* The outcomes of this diet depend on the person's individual predispositions and cannot be guaranteed in every person. We advise you to consult your doctor before you start a diet programme.
Lose fat and gain muscle at the same time. Reality or fiction?
For fat loss, you need to get into a caloric deficit, which means that the energy output should be higher than its intake. The opposite is true of muscle gain. However, despite this, it is possible to lose weight while gaining muscle mass. But logically, it has its challenges.
Beginners have the best chance.
“Losing fat while building muscle is possible. This condition can be achieved by overweight beginners, obese people or athletes after a long training break. But untrained beginners have the greatest pre-disposition, as their bodies have a great ability to use excess fat as a source of energy for muscle growth. However, even this ability is only temporary and only one goal can be achieved once the body adapts to the load,”
Jiří Skála, CrossFit coach and nutritionist, says.
What to focus on when you want to lose weight?
Each body is an original, and the metabolism of each of us works differently. Somebody can eat whatever they want and not gain a gram, someone else walks past a doughnut and is a kilo heavier. That's a bit of an exaggeration, of course, but many will find themselves in it. Yet there are general factors that have a major impact on weight loss.
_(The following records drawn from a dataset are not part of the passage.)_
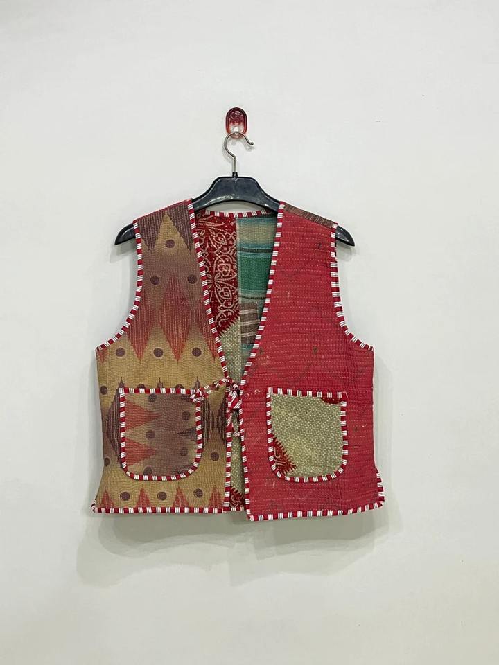 Unisex Sleeveless Cotton Kantha Jacket with Quilted Waistcoat Pockets Breathable Handmade Kantha Waistcoat for Women
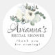Autocollant parfait pour sceller les notes ou faveurs de remerciement de baby shower de mariée. Des roses blanches ivoire entourées sont nichées dans des feuilles d'eucalyptus. Le nom de la mariée est écrit dans un grand texte de script charmant. Cet autocollant de baby shower de mariée fait partie de la collection Rustique Fleur Blanche de Baby Shower de Mariée.
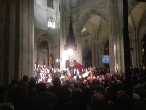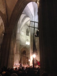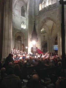 Aún con la neblina asturbritánica en el aire y tormentas instrumentales, los contrastes brillantes «marca de la casa» nos llevarían a escuchar la bellísima y animada The Virgin Queen – Bobbing Joe de John Playford, virtuosismo en la tecla de Aarón, en el violín casi whistle y más fiddle que nunca de Jorge, los rasgueos de Pablo empujando y reforzando el ritmo discreto y necesario de Pedro que haría de campanero para la siguiente declamación, con el tenor sentado al borde del escenario, la renacentista Al alva venid del Cancionero de Palacio, la profesionalidad de proyectar la voz en todas las direcciones para degustar estas melodías que impregnaron el aire frío que se olvidó con la calidez y calidad alrededor de una imaginada pinta de buena cerveza.
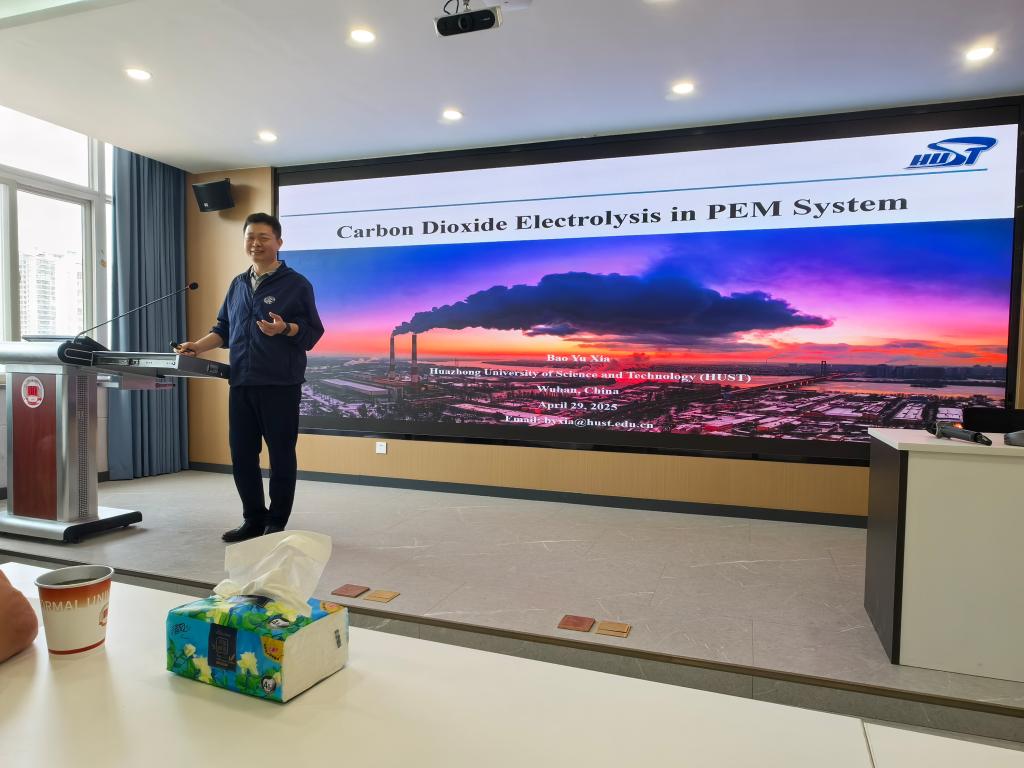 夏宝玉教授围绕质子交换膜系统,从催化剂设计、质子交换膜、阳极反应等维度,深入剖析电催化CO₂转化的失效问题,系统阐述实现高效稳定电催化CO2转化的设计思路与方法。报告结束后的互动环节,面对师生踊跃提问,夏教授一一耐心解答,还针对青年教师科研发展和学生成长给出实用建议。夏教授的报告内容充实、形式赏心悦目、讲解鞭辟入里,令在场师生收获颇丰。(通讯员 杨帆 杨珊 审核人 刘展晴)
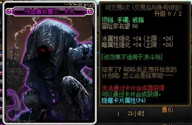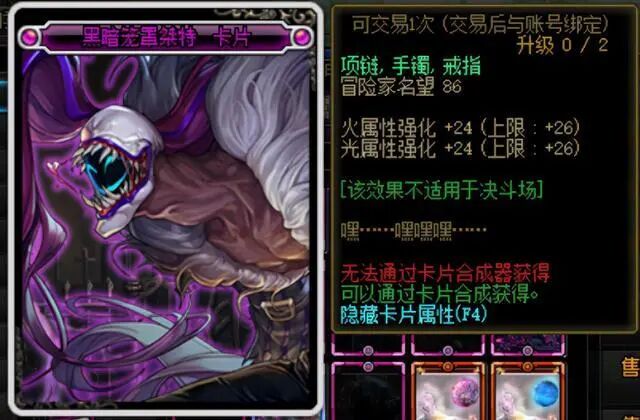 首饰方面,可根据自己的职业,选择纯血者狄摩尔或者黑暗笼罩桀特两张卡片,这两张卡片最高可到26点属强,是所有卡片中性价比最高的一个。
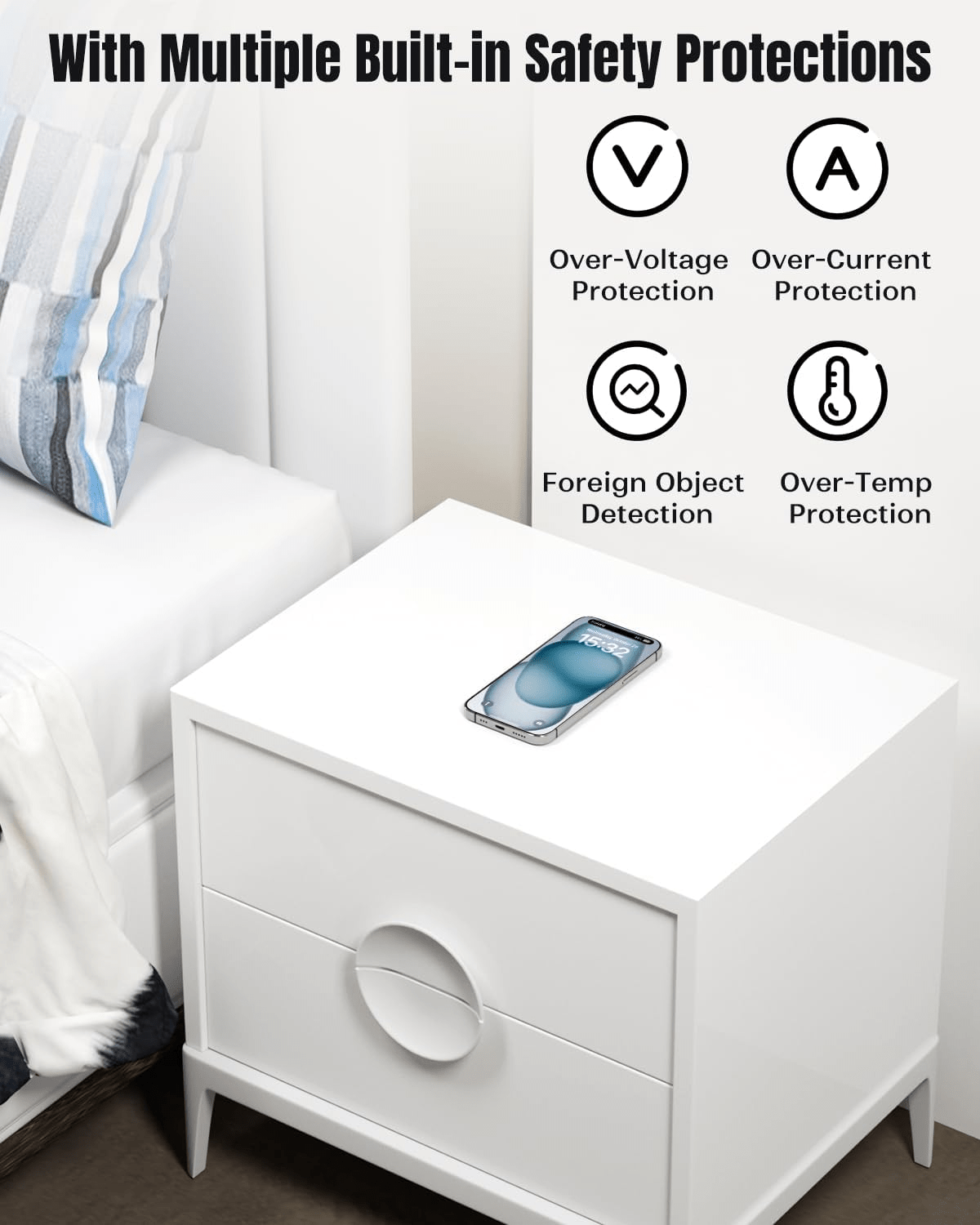 • Not only does this charger offer convenience, but it also boasts several safety features ensuring your devices are protected, allowing you to charge with peace of mind. Installation is a breeze, requiring no drilling or specialized tools—simply attach the adhesive metal ring, and you’re ready to go. The wireless charging pad is compatible with a wide range of devices, including the latest iPhone and Samsung models, making it a universally functional accessory for both home and office use.

4 keys to successful weight loss
If you want to lose weight, you have to build up a caloric deficit. That means you take in less energy than you expend. But to lose weight healthily, you need not confuse it with not eating at all. What matters is a sufficient supply of protein to reduce weight from fat stocks, not muscle mass. Moreover, proteins have the highest satiating effect of all macronutrients, so we should not feel hungry if we eat enough of them. You can supplement quality protein through KetoDiet protein meals and beverages. Take a look at what the diet consists of while losing weight with ketodiet.
However, we must not forget the other two macronutrients. The intake of fats, which have a lot of important functions in the body, is also extremely important - it dissolves vitamins, healthy fats contribute to proper functioning of the nervous system, etc. Especially in terms of energy, carbohydrates are also important for us.
So you always need to consider the total energy intake and distribute it into individual macronutrients depending on your lifestyle (work, exercise, stress, etc.).
2. Physical activity
Long-term physical activity is extremely important. Our body is designed to move, so you should devote a minimum of 10 hours a week to leisure physical activity. A combination of cardiovascular training (running, cycling, swimming, walking) and strength training (weight-lifting, yoga) is ideal. Read our article on how to do sports during weight loss.
Another extremely significant factor. For sleep to be of good quality, conditions must be created for it and a minimum of 7 hours a day devoted to it.
“Regular sleep should provide our bodies with sufficient regeneration and hormonal balance. Hormones are extremely important in losing weight. For example, almost all sex and growth hormones have the highest release levels at night,"
adds Jiří Skála.
Stress is perhaps the most important factor affecting successful weight loss. Again, hormones play an important role in this respect. The hormone cortisol releases into your body under stress, which can make losing weight much more difficult. In some people, it even causes the opposite effect of gaining weight. Long-term starvation, sleep deprivation, minimal physical activity and minimal exposure to nature and fresh air are also strongly related to stress.
We can consciously influence all of these circumstances, thereby reducing the risk of excessive stress and poor hormone function. This is very closely related to the quality of our lives and overall satisfaction.
If you're worried about being overweight and want to start a new lifestyle, we suggest you focus on losing weight in the first place. This will also do the greatest service to your health. Add regular physical activity and trust that the muscles will "find" you. If you would like to gain muscle mass on a larger scale, continue with different types of exercise and adjusting your diet. Preferably under expert supervision. Believe that success will imbue you with additional motivation and good humour to a level that nothing can stop you from pursuing your dream.
We wish you every success in shaping your dream figure. And remember, it's easier to go on without stress.